Dans sa nouvelle version, le mook aborde un thème unique en lien avec la culture pop à travers différentes approches sociologiques, philosophiques, littéraires, théologiques… Le soin particulier apporté à toutes les expressions artistiques et au graphisme rappelle à quel point la culture pop est aussi une culture de l’image. Le premier numéro est dédié à nos fascinations pour le mal. « Nous avons voulu explorer pourquoi notre société a besoin de se faire peur et pourquoi les figures du mal sont partout, parfois jusqu’à les rendre sexy ou en faire des parfaits rôles à Oscars. Certaines représentations continuent de faire scandale comme le clip du rappeur Lil Nas X, qui se met en scène en train de faire une lap-dance avec le diable », détaille-t-il. Fantask a logiquement convoqué le diable – figure crainte et idolâtrée – comme invité d’honneur de son numéro un. Et décrypte aussi la manière dont le 3e Reich est sans cesse sollicité dans la production culturelle. « Les Nazis sont reconnus comme la plus grande incarnation du mal sur Terre. Pourtant, cette période continue de fasciner le 7e Art et a même fait l’objet d’une bande-dessinée américaine Hipster Hitler ahurissante », poursuit-il. Le numéro se clôt sur une troisième incarnation du mal autour des serial killers, qu’ils soient bien réels (comme Charles Manson ou Ted Bundy) ou des « anti héros » de fiction tels que Hannibal ou Le Joker.
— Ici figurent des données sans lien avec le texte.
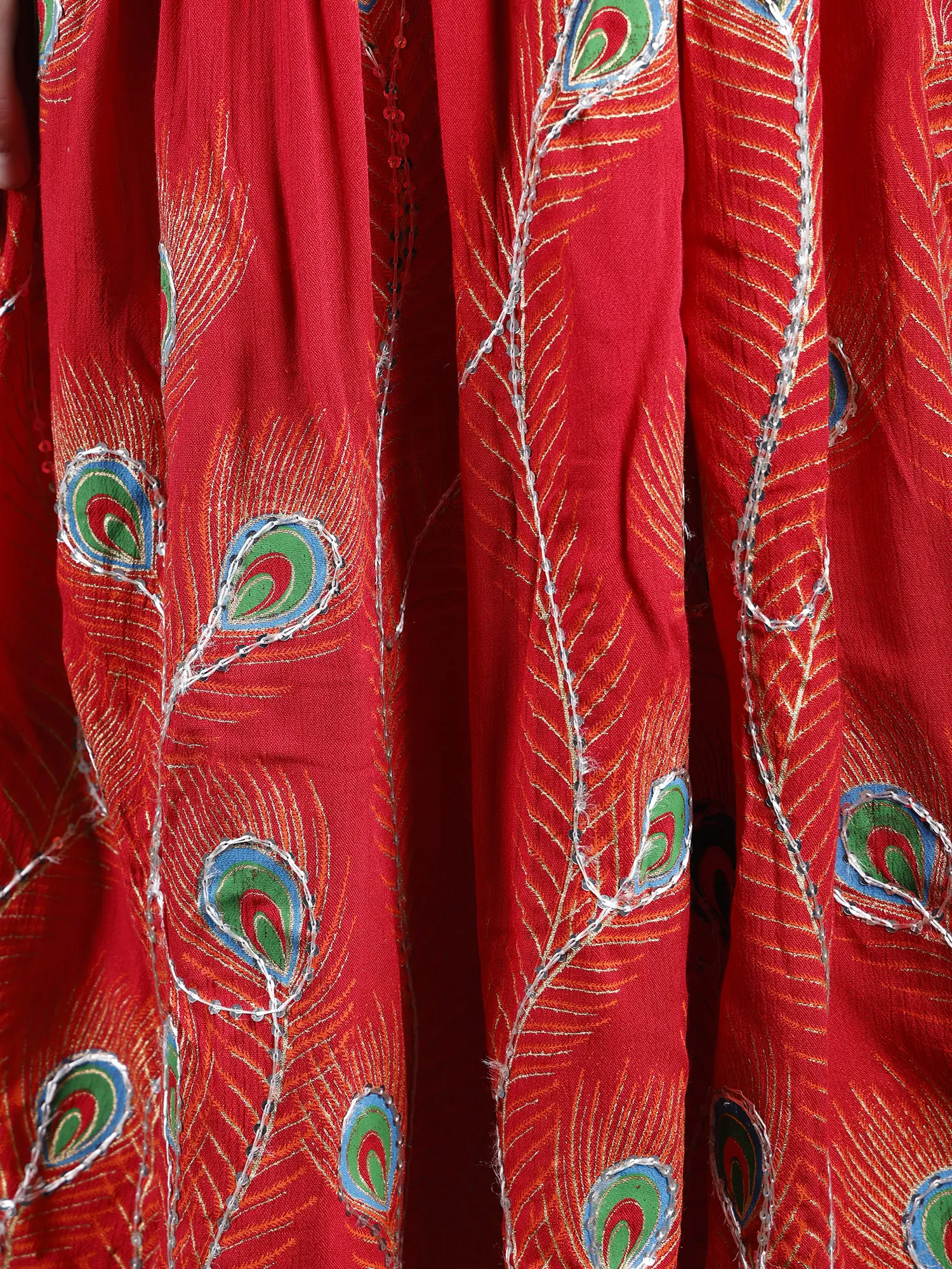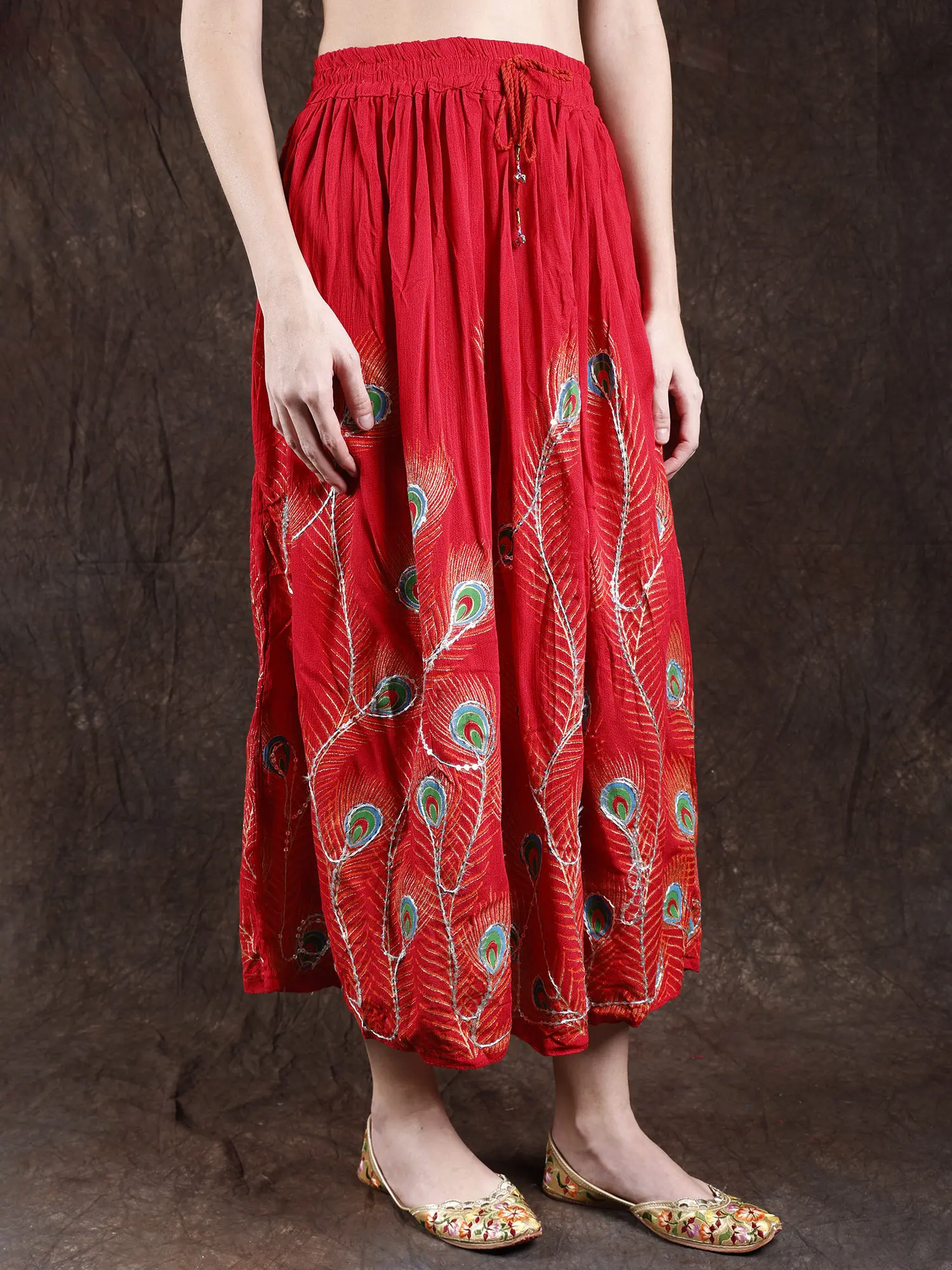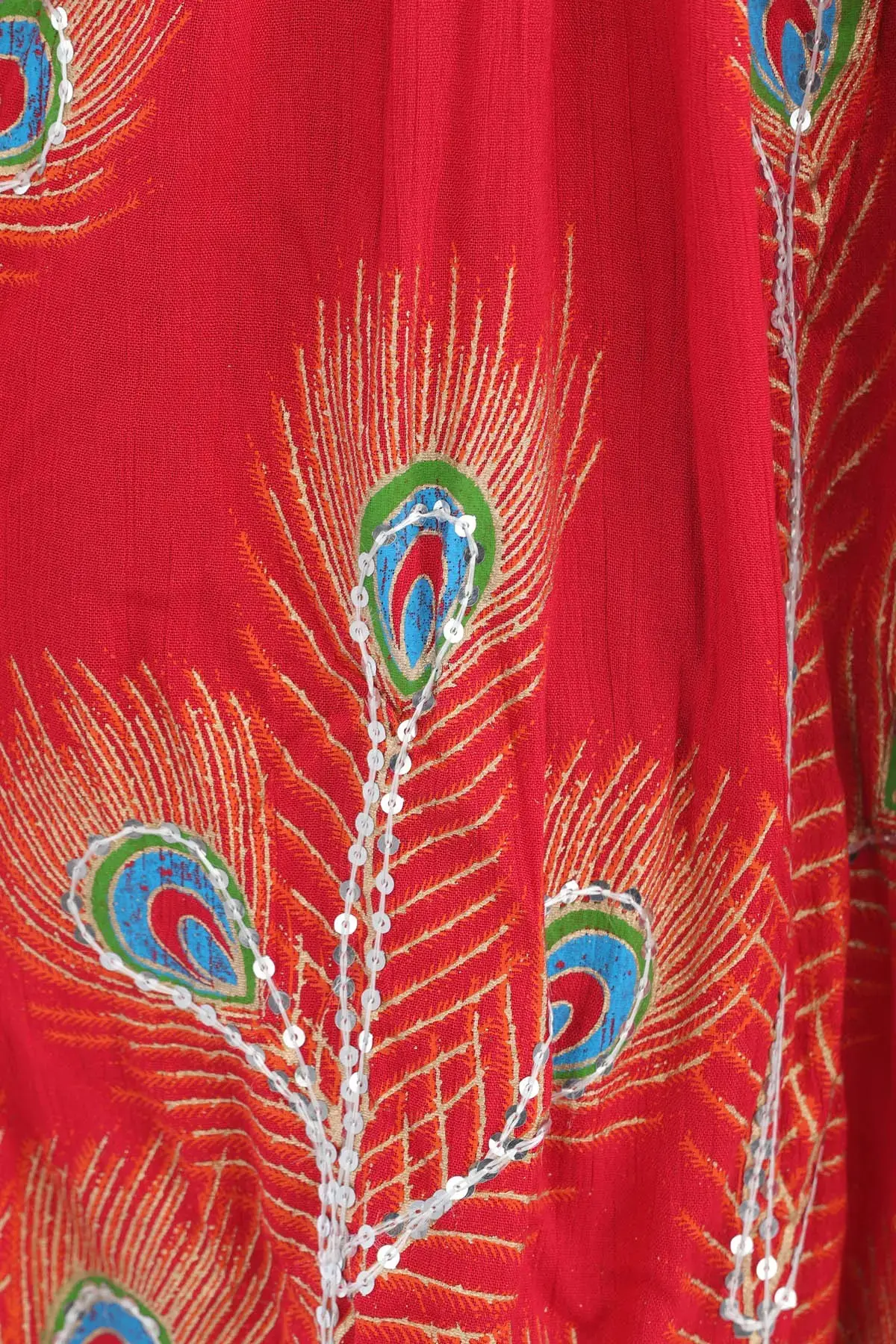 Elevate your style with a long skirt adorned with printed peacock feathers and delicately embroidered sequins. The peacock feathers and delicately embroidered sequins. The peacock feather prints add a touch of grace, while the embroidered sequins bring a subtle hint of glamour to the ensemble. Embrace the beauty of peacock feather prints and sequins for a look that captures attention with its unique and enchanting appeal.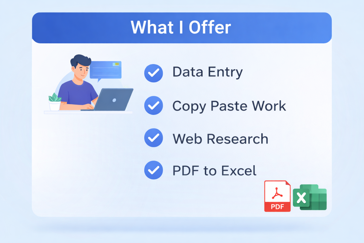 I provide data entry, copy paste tasks, web research, Excel and PDF to Word work.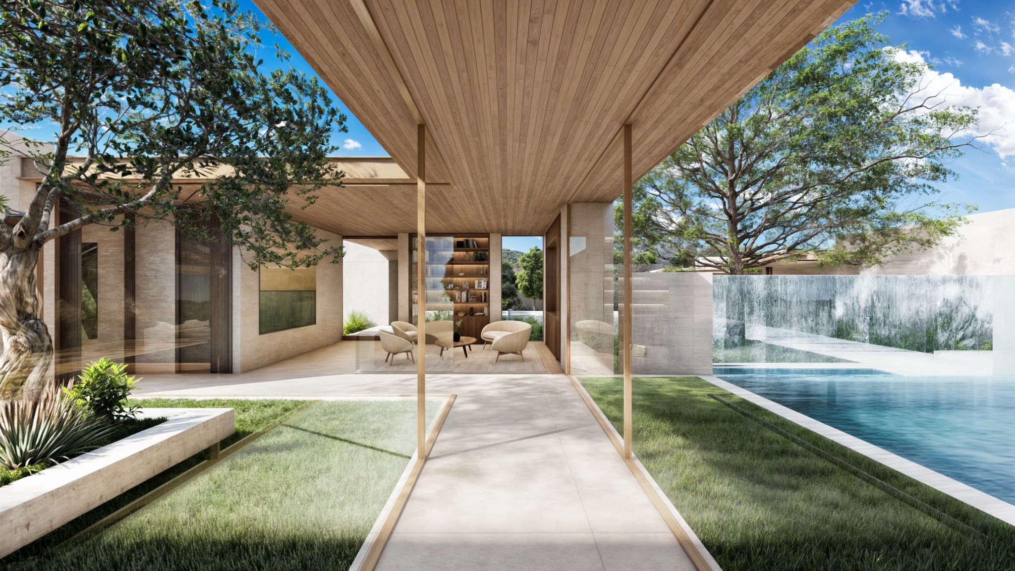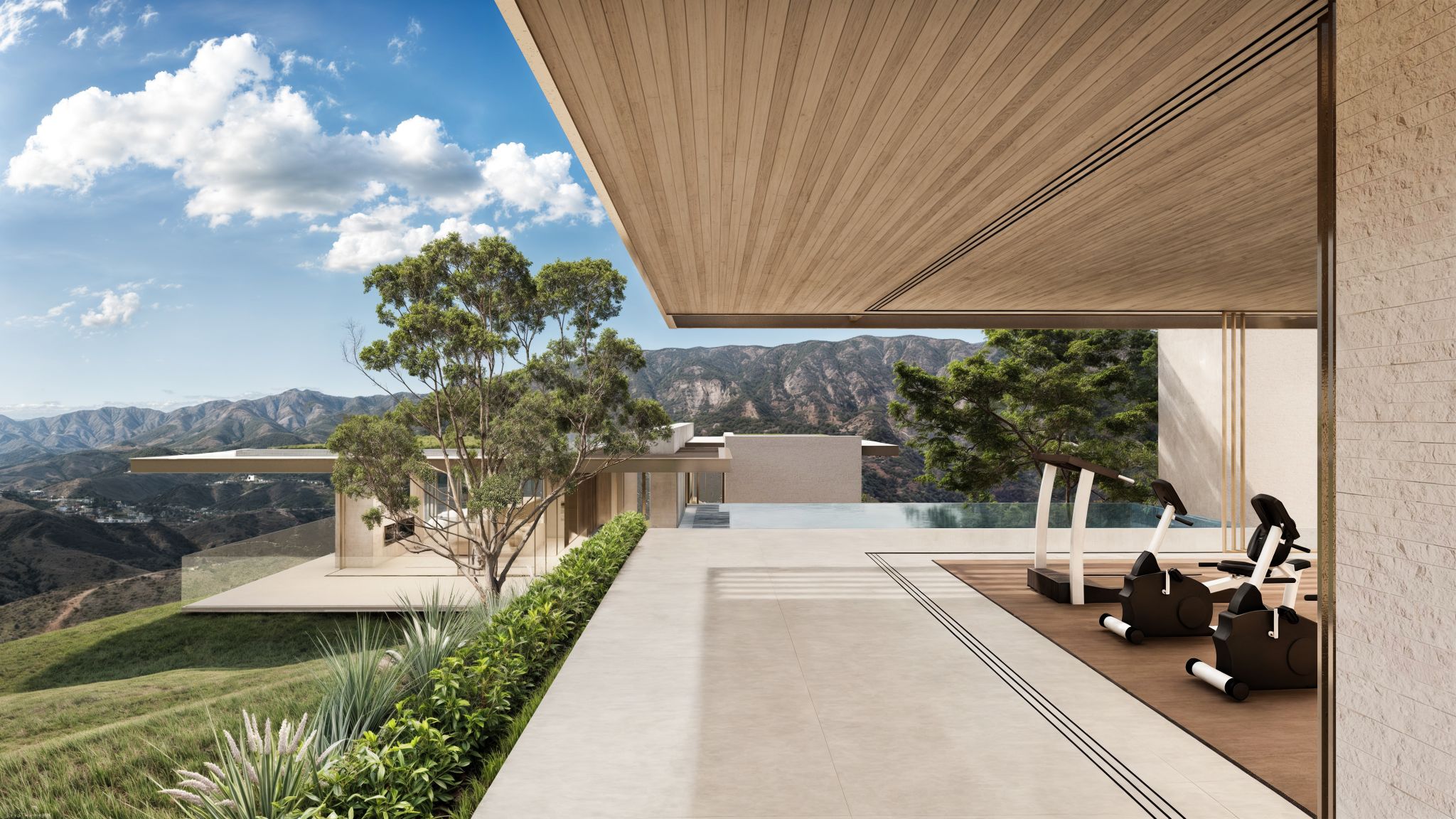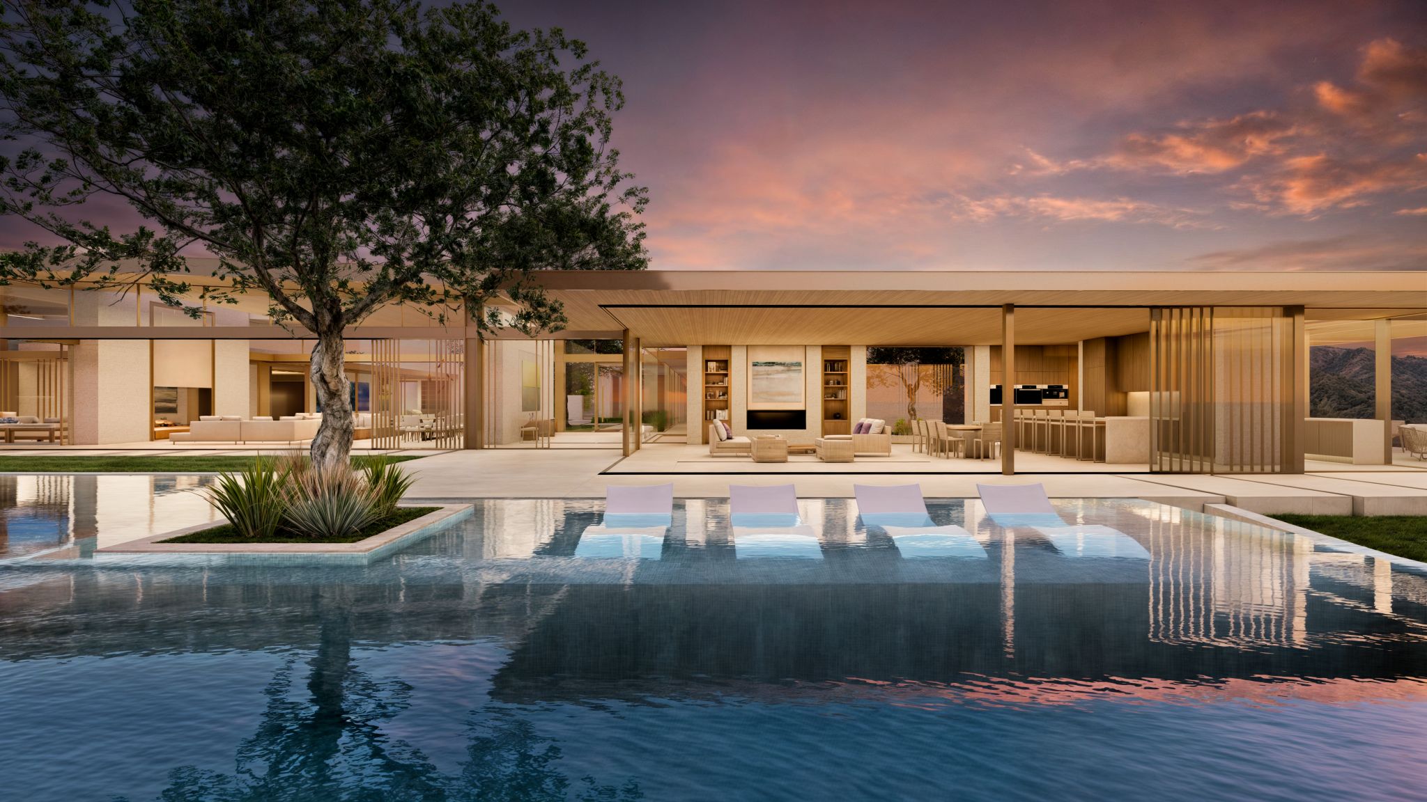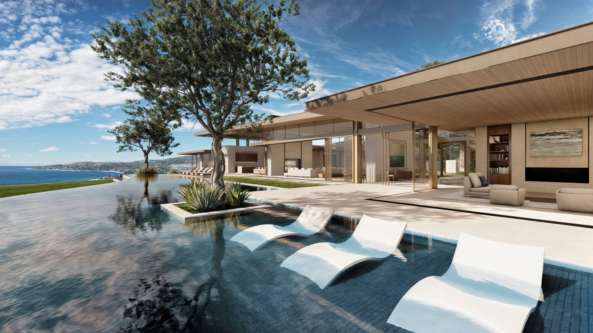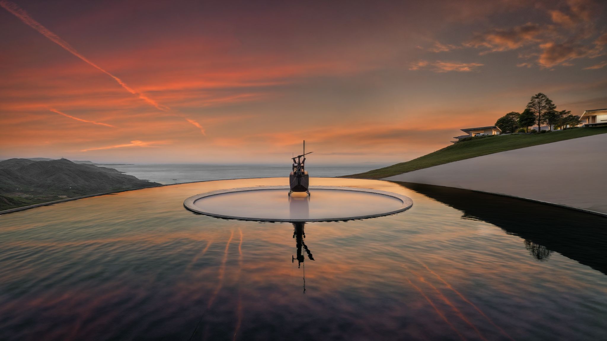 Each space within the home opens directly to outdoor terraces with unobstructed views. The main living space connects directly to the pool terrace with full height glazing that pockets into adjacent walls to create a seamless blend of indoor-outdoor living, while the pool itself contains planted islands with trees that frame the sunset. The estate also contains a wellness retreat, guest house, underground parking garage cars as well as a helicopter landing pad.

Le numéro 2 sera un peu plus léger (quoique) puisqu’il s’intéressera à la vie sexuelle des héros de BD (Superman, Tintin…) sous le titre « Le derrière de la pop ». Le troisième devrait ensuite s’intéresser « aux relations un peu ambigües entre la pop culture et le complotisme ».

Embrasser toutes les temporalités

Si la renaissance de Fantask se fait sous la forme d’un mook semestriel monothématique, ce n’est pas seulement parce que ce format de revue a le vent en poupe. « Les spécialistes de la culture populaire, journalistes ou grands érudits, s’expriment généralement dans des articles courts de magazines ou dans des longs ouvrages. Tout le monde n’a pas forcément le temps ou l’envie de lire une exégèse de Twin Peaks en 400 pages. Le mook permet d’avoir des articles longs et des interviews fleuve, d’embrasser toutes les temporalités sans en être prisonnier ni tomber dans les deux excès contraires », estime Rodolphe Lachat. Le numéro 1 rebondit par exemple sur les 30 ans du film Le silence des agneaux, avec une grande interview de Jodie Foster et Anthony Hopkins, sur la nouvelle saison de Dexter que la chaîne américaine Showtime a annoncé pour l’automne 2021, sur la sortie de la série Le serpent sur Netflix, dans laquelle Tahar Rahim incarne Charles Sobhraj, le tueur en série qui a hanté l’Asie des années 1970… Ceux qui préféreront plonger dans les racines du mal liront l’entretien accordé par Maxime Chattam, qui a fait des serial killers le thème central de sa Trilogie du mal. Autant de propositions qui, en 248 pages, permettront à chacun de jauger ou de régénérer sa sensibilité juvénile !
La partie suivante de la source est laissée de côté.